Python for Data Quality in 2025: Why tests alone are no longer enough
Speaker
Artsem
Data Engineer with passion to Data Quality. Experience in Azure, AWS, Python, Databricks. Head of DQ department in EPAM Lithuania & Latvia with 20 people headcount
Abstract
In 2025, classic data tests via Python are not enough. During 25-30 minutes talk I will show how Python powers modern Data Quality: from real-time freshness checks to anomaly detection and orchestrator integration.
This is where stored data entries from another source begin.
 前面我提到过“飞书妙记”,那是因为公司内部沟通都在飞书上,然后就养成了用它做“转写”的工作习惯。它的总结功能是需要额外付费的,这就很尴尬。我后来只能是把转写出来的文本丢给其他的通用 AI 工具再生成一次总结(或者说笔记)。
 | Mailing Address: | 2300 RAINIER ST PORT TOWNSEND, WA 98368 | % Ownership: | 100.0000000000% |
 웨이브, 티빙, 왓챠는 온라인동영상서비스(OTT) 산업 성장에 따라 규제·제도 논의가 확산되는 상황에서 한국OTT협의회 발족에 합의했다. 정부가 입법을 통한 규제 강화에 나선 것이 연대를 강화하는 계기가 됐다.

No AI hype: starting with quick Data Quality overview and problem statement I will show practical code, architecture, and hands-on engineering for resilient pipelines from Data Engineer/Data Quality Engineer perspective.
Description
As data pipelines become distributed and schemas evolve rapidly, traditional checks (NOT NULL, uniqueness, value ranges ) can not guarantee data quality anymore. Tests may pass, yet data can be stale, anomalous, or misaligned with business needs - and it will be discovered only on PowerBI report. And if project will use streaming rather than batching data - problems will grow up as a snowball.
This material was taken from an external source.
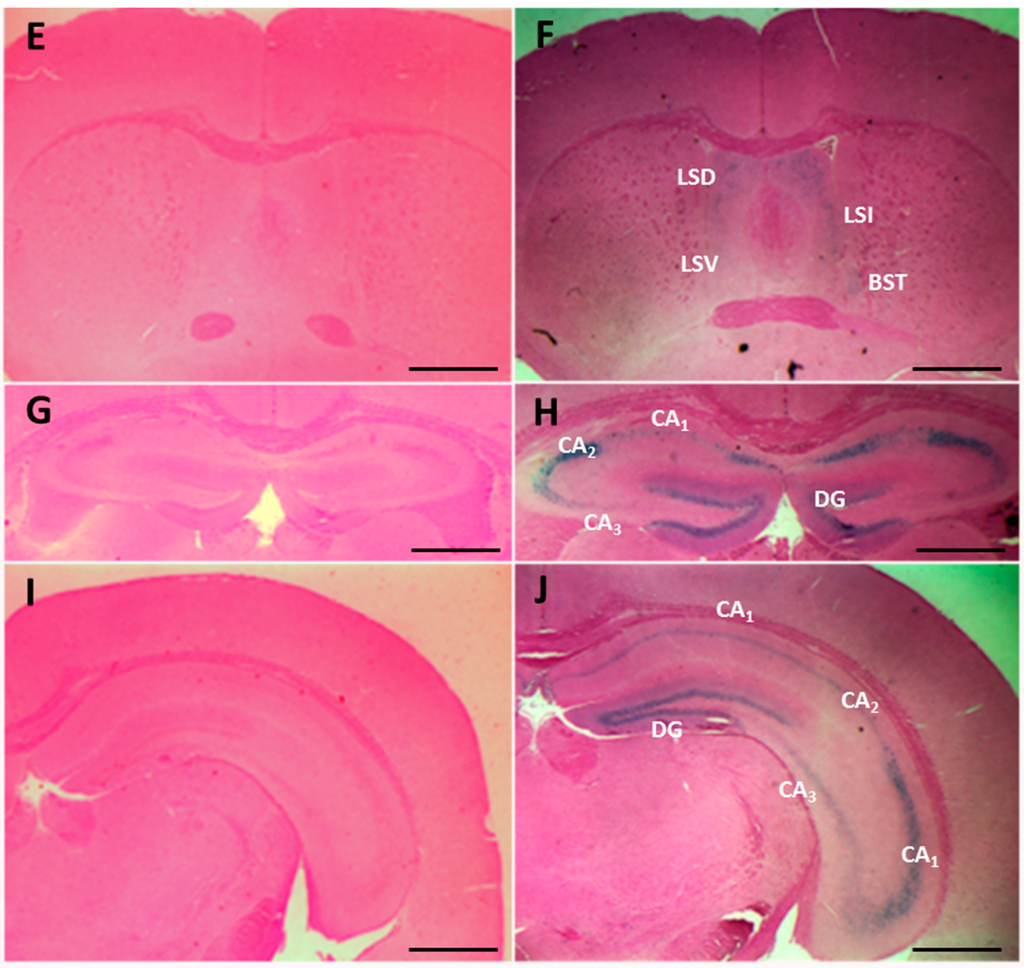 FKBP5 has been found to have reduced expression in individuals with PTSD []. Fkbp5-deficient mice were generated using a gene-trapping approach [] in which the LacZ reporter gene was inserted. Previous studies have also shown that the murine Fkbp5 gene is expressed in various tissues, including brain and peripheral tissue. We therefore charted the Fkbp5 gene expression pattern in KO mice by staining for the LacZ gene product. In the brains of one-month-old Fkbp5 KO mice, LacZ staining revealed Fkbp5 expression in the hippocampus, striatum, dorsal raphe (DR) and locus coeruleus (LC) (Figure 2B). In four-month-old Fkbp5 KO mice, LacZ staining was observed in the hippocampus and additional brain regions, such as amygdala (Figure 2D). Whole brain LacZ staining followed by sectioning and eosin red staining in four-month-old KO mice revealed that Fkpb5 was highly expressed in the lateral septum, which includes lateral septal nuclei dorsal (LSD), ventral (LSV) and intermediate (LSI) (Figure 2F); bed nucleus of the striatum terminalis (BST) (Figure 2F); and hippocampus (Figure 2H,J). In the four-month-old hippocampus, LacZ staining suggested that Fkbp5 is highly expressed in CA1, CA2, CA3 and the dentate gyrus (DG) (Figure 2D,H,J). Consistent with the absence of the LacZ reporter gene, WT control mice did not exhibit any LacZ staining (Figure 2A,C,E,G,I).
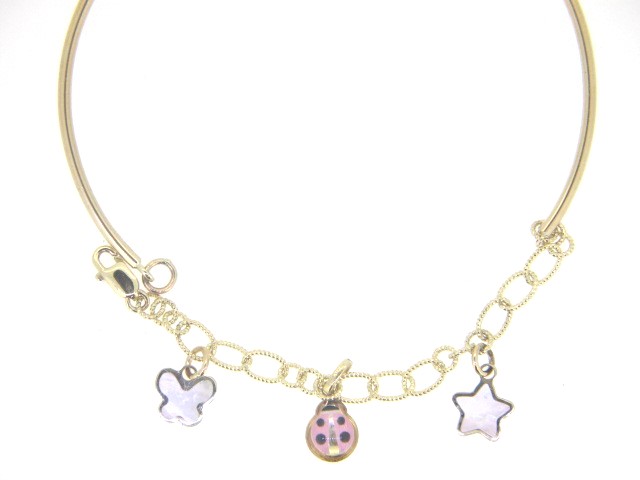 Bangle & Rolo Link Bracelet with 3 Dangle Charms 10KT/Adjustable *CLEARANCE-FINAL SALE*

This talk demonstrates how to build robust, production-ready Data Quality systems with Python using following practices: 1 - Real-time freshness and completeness checks embedded in pipelines; 2 - Volume anomaly detection and distribution drift analysis; 3 - Versioned data contracts and schema evolution as Python objects; 4 - Seamless integration with orchestrators (Airflow, Dagster) or another systems like Databricks or Stargate for automated incident response. You will see real engineering patterns, code snippets, and actionable best practices ready for immediate use. The focus is on building resilient pipelines where Python glues together monitoring, validation, and orchestration. No marketing, no AI buzzwords—just engineering and possible practical solutions for modern data teams.